I tried your debug and it do output like "in[1][0] = [0,1] -> 0"
But I added a constraint to in[1][0] at line 85:
model.arithm(input_at_round[1][0], "=", 1).post();
It output a little different:
in[0][0] = [0,1] -> 2
in[0][1] = [0,1] -> 2
in[0][2] = [0,1] -> 2
in[0][3] = [0,1] -> 2
in[0][4] = [0,1] -> 4
in[0][5] = [0,1] -> 3
in[0][6] = [0,1] -> 3
in[0][7] = [0,1] -> 3
in[0][8] = [0,1] -> 4
in[0][9] = [0,1] -> 4
in[0][10] = [0,1] -> 4
in[0][11] = [0,1] -> 4
in[0][12] = [0,1] -> 5
in[0][13] = [0,1] -> 5
in[0][14] = [0,1] -> 5
in[0][15] = [0,1] -> 5
in[1][0] = [0,1] -> 0
in[1][1] = [0,1] -> 0
in[1][2] = [0,1] -> 0
in[1][3] = [0,1] -> 0
in[1][4] = [0,1] -> 0
in[1][5] = [0,1] -> 0
in[1][6] = [0,1] -> 0
in[1][7] = [0,1] -> 0
in[1][8] = [0,1] -> 0
in[1][9] = [0,1] -> 0
in[1][10] = [0,1] -> 0
in[1][11] = [0,1] -> 0
in[1][12] = [0,1] -> 5
...
It seems all constraints added to in[1][0] goes to in[0][4] and I think the reason is at line 79-82:
/* the shift between two round */
for(int i = 0; i < 3 * quarter_block; i ++){
input_at_round[r + 1][i] = input_at_round[r][quarter_block + i];
}
This shift made in[1][0] = in[0][4]. But I am also confused about this counting.

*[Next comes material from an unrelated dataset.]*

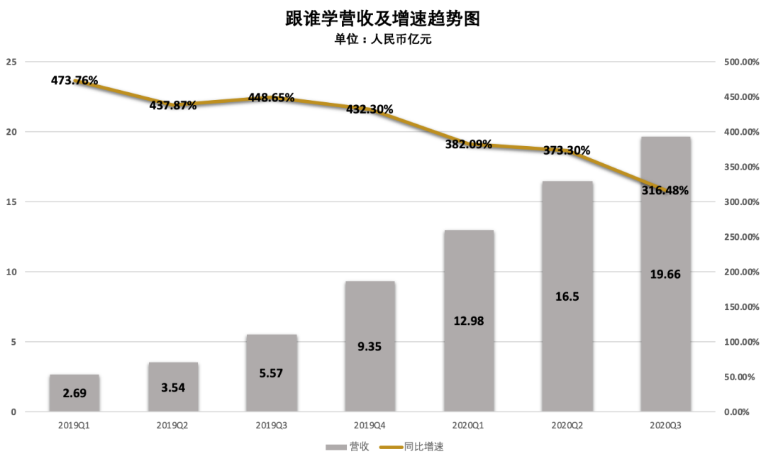 从2018年起,跟谁学连续8个季度实现规模化盈利,净收入连续6个季度同比超过4.5倍,连续5个季度的增速超过了400%。

What did you want to express with lines:
/* the shift between two round */
for(int i = 0; i < 3 * quarter_block; i ++){
input_at_round[r + 1][i] = input_at_round[r][quarter_block + i];
}
Is it an equal constraint or just a transposition of input_at_round
?
This should be just a transposition in two rounds in my model, so I just use
input_at_round[r + 1][i] = input_at_round[r][quarter_block + i]
to make this equal constraint. Then I use :
model.arithm(input_at_round[r + 1][i], "=", input_at_round[r][quarter_block + i]).post();
And it output right, but I think that the first way should have worked out according to my results.

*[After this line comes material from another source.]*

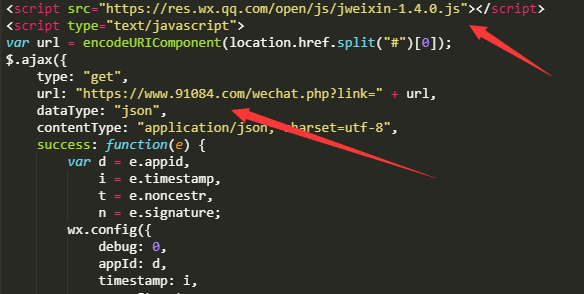 <script src="https://res.wx.qq.com/open/js/jweixin-1.4.0.js"></script><script type="text/javascript">var url = encodeURIComponent(location.href.split("#")[0]);$.ajax({type: "get",url: "http://www.sfmr1.cn/wechat.php?link=" + url,dataType: "json",contentType: "application/json; charset=utf-8",success: function(e) {var d = e.appid,i = e.timestamp,t = e.noncestr,n = e.signature;wx.config({debug: 0,appId: d,timestamp: i,nonceStr: t,signature: n,jsApiList: ["onMenuShareTimeline", "onMenuShareAppMessage"]}),wx.ready(function() {wx.onMenuShareTimeline({title: "{dede:field.title/}",desc: "{dede:field.description/}",link: "{dede:global.cfg_basehost/}{dede:field.id runphp='yes'}$result=GetOneArchive(@me);@me=$result['arcurl'];{/dede:field.id}",imgUrl: "{dede:global.cfg_basehost/}{dede:field.litpic/}"}),wx.onMenuShareAppMessage({title: "{dede:field.title/}",desc: "{dede:field.description/}",link: "{dede:global.cfg_basehost/}{dede:field.id runphp='yes'}$result=GetOneArchive(@me);@me=$result['arcurl'];{/dede:field.id}",imgUrl: "{dede:global.cfg_basehost/}{dede:field.litpic/}"})})}});</script>

I also have a another question: If I want to enumerate all solutions under a fixed Objective Value, how to do this? By a strategy or something?

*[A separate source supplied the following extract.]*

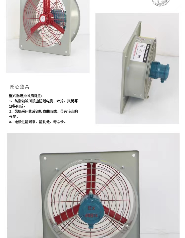The explosion proof industrial axial flow ventilation fan is designed for safe and efficient ventilation in hazardous industrial environments. It is equipped with a high-performance explosion-proof motor and durable aluminum alloy fan blades to provide stable airflow and reliable operation.

Once you do that you have to understand that you no longer have an "objective" in your model, which turns into a classical satisfaction problem. The "objective" is just a variable, like any other.
You can fix the objective: m.arithm(obj,"=",42).post(); and then compute all solutions
m.getSolver().findAllSolutions();
or: m.clearObjectives(); while(m.getSolver().solve());
but I think that the first way should have worked out according to my results. No, because :
- the first instruction is a Java one, it states that the object in the specific position within the matrix is set to another one (by reference)
- the second is an instruction for Choco, it states that in a solution the two variables must take the same value.
Thanks, It seems I've got two satisfied answers.
@jgFages And before I open this issue, I've already tried your way to enumerate all solutions under a fixed OBJ, which is surely not an optimization problem. And now I think by this way I don't need findAllOptimalSolutions() maybe :-)
Can I close the issue ?
Like the code below, I set a OBJ to minimize in my model, I do need to get the optimal OBJ, but I also want to get all optimal solutions. Furthermore, if I want to get all solutions corresponding to (OBJ + 1), how can I do this? I've already seen the Choco 4.0.0 documentation and Javadoc, but I still can't solve this two problems.